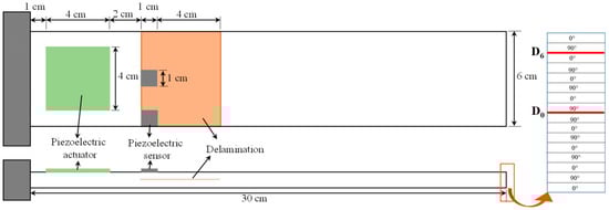 To study the effects of structural delamination on the active vibration control of a smart plate, a structural delamination of 5 cm is seeded at the mid-plane interface (D0) and at the 6th interface from the mid-plane (D6) along the thickness of the smart plate, as shown in Figure 6.
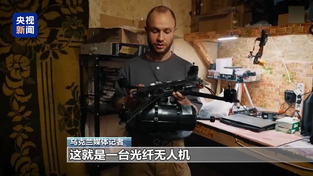 乌克兰媒体记者:这就是光纤无人机,上面是一架普通的碳纤维第一视角无人机,这架无人机相当大,原因就是它除了要搭载电池和弹药,还得携带这个东西,一卷10千米长,非常细且非常轻的光纤线缆。
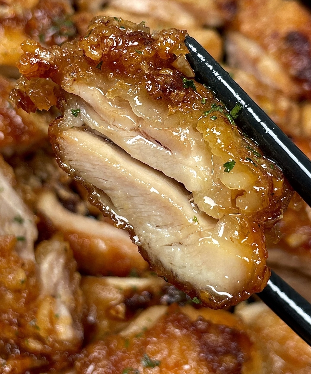 盛出来切成小块,外皮还带着点焦糖色的脆壳,用筷子一戳,肉汁混着蜂蜜黄油的酱汁流出来,我忍不住直接抓了一块,脆壳在嘴里碎开,里面的肉嫩得像在吃云朵,蜂蜜的甜和黄油的香裹着咸鲜的肉,连骨头缝里都想舔干净。
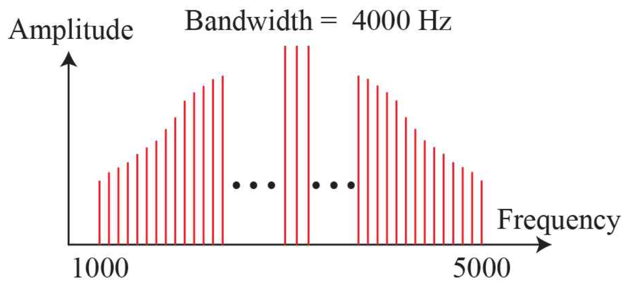 대역폭(Bandwidth)은 신호의 최대 진동수와 최저 진동수를 빼서 구할 수 있다.
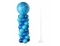 Inhoud: 4 buizen, 3 koppelstukken, 10 ballonringen, houder reuze ballon, ronden voetstandaard (te vullen met water), pin standaard (voor in het gras of zand)
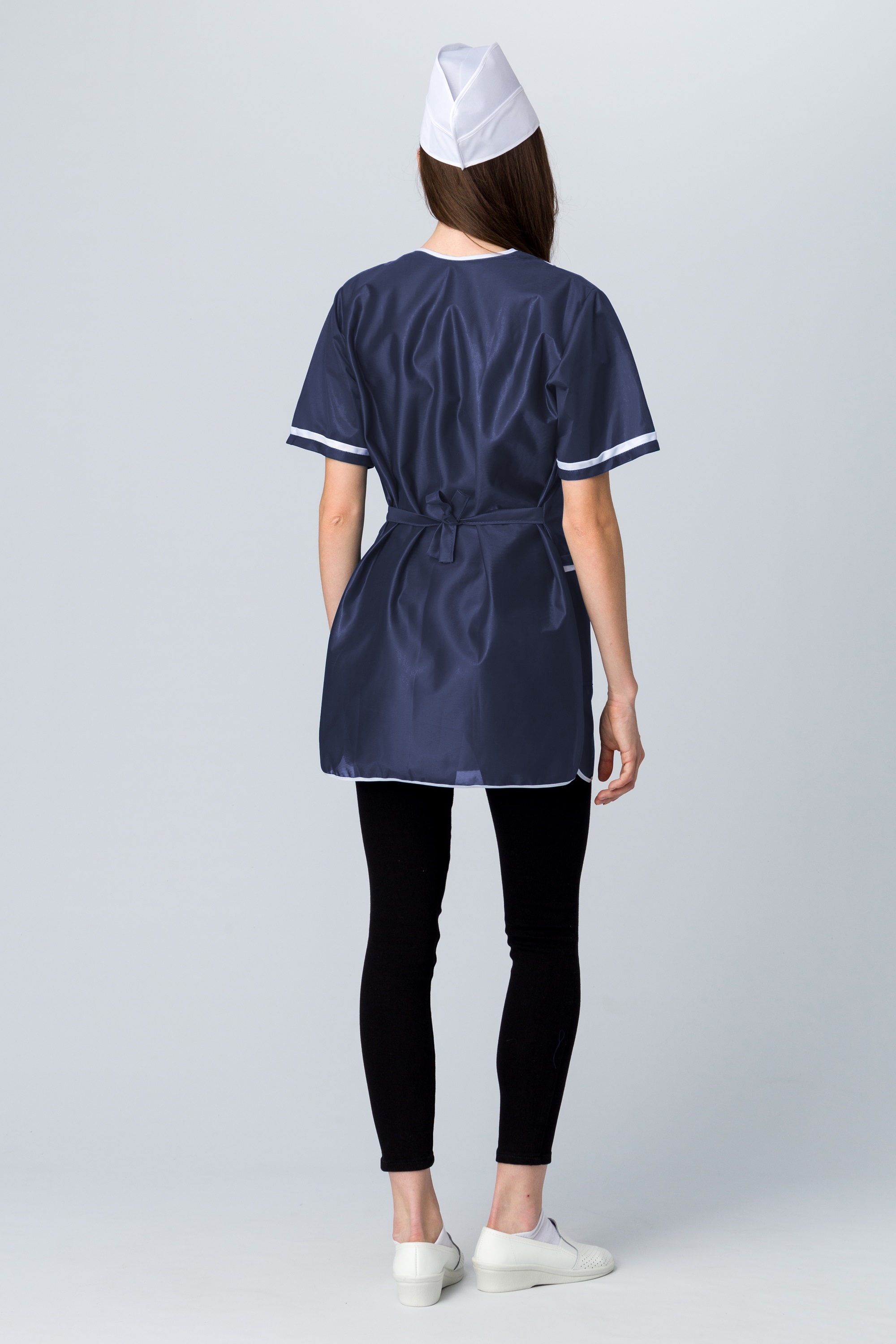 Халат женский на молнии короткий рукав (тк.Нейлон), синий
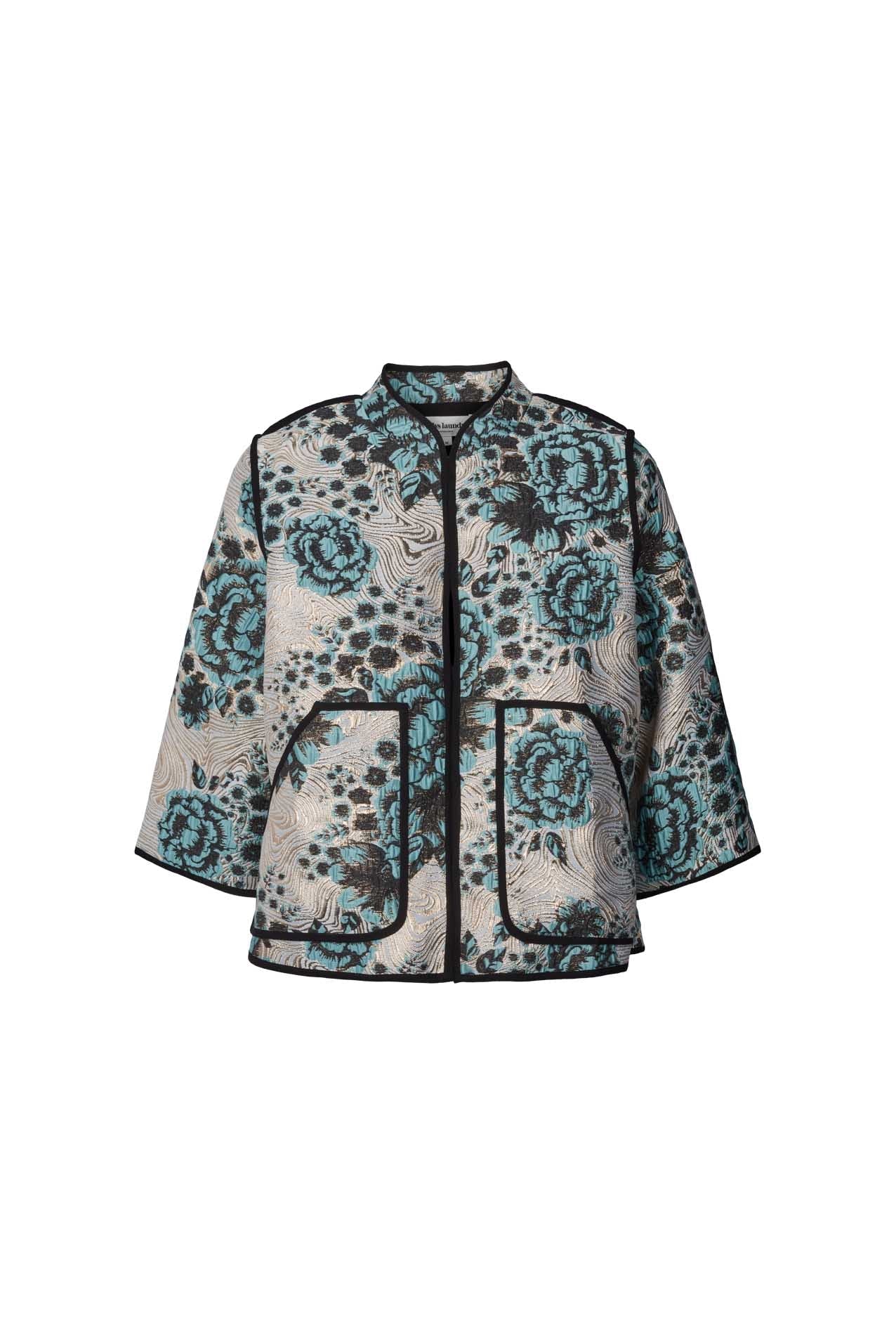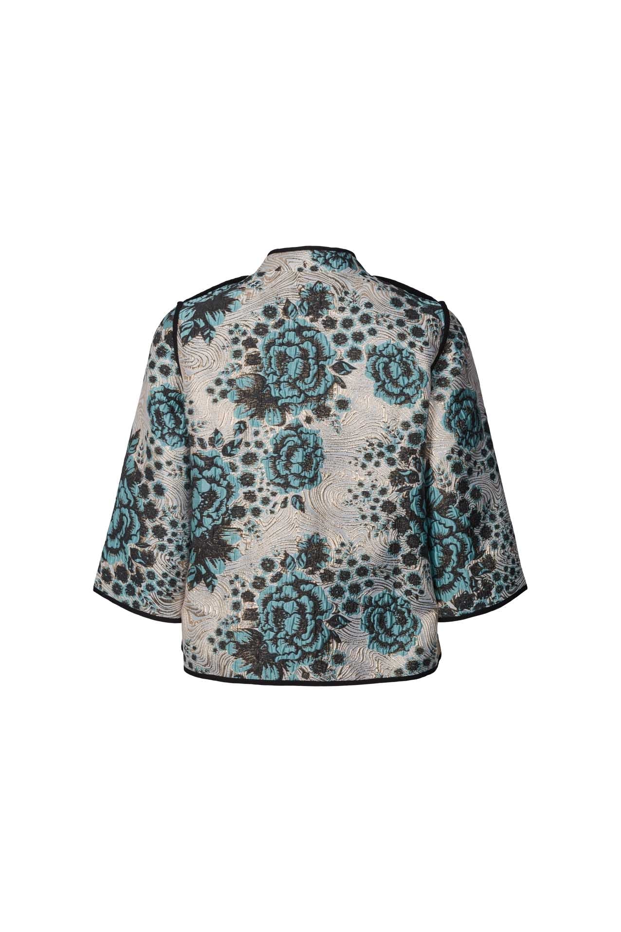 Vi er helt vilde med Miriam jacket lavet i et unikt print med synlige kontrastfarver. Jakken er designet med åben front, 3/4 ærmer og en lille krave. Den er kort, men normal i størrelsen og smukt stylet som et sæt med vores Aqua skirt.
------------------------------------
# [REQUIREMENT]
Please repeat every record exactly, leaving the pictures out.

# [EXERCISE ANSWER]
 To study the effects of structural delamination on the active vibration control of a smart plate, a structural delamination of 5 cm is seeded at the mid-plane interface (D0) and at the 6th interface from the mid-plane (D6) along the thickness of the smart plate, as shown in Figure 6.
 乌克兰媒体记者:这就是光纤无人机,上面是一架普通的碳纤维第一视角无人机,这架无人机相当大,原因就是它除了要搭载电池和弹药,还得携带这个东西,一卷10千米长,非常细且非常轻的光纤线缆。
 盛出来切成小块,外皮还带着点焦糖色的脆壳,用筷子一戳,肉汁混着蜂蜜黄油的酱汁流出来,我忍不住直接抓了一块,脆壳在嘴里碎开,里面的肉嫩得像在吃云朵,蜂蜜的甜和黄油的香裹着咸鲜的肉,连骨头缝里都想舔干净。
 대역폭(Bandwidth)은 신호의 최대 진동수와 최저 진동수를 빼서 구할 수 있다.
 Inhoud: 4 buizen, 3 koppelstukken, 10 ballonringen, houder reuze ballon, ronden voetstandaard (te vullen met water), pin standaard (voor in het gras of zand)
 Халат женский на молнии короткий рукав (тк.Нейлон), синий
 Vi er helt vilde med Miriam jacket lavet i et unikt print med synlige kontrastfarver. Jakken er designet med åben front, 3/4 ærmer og en lille krave. Den er kort, men normal i størrelsen og smukt stylet som et sæt med vores Aqua skirt.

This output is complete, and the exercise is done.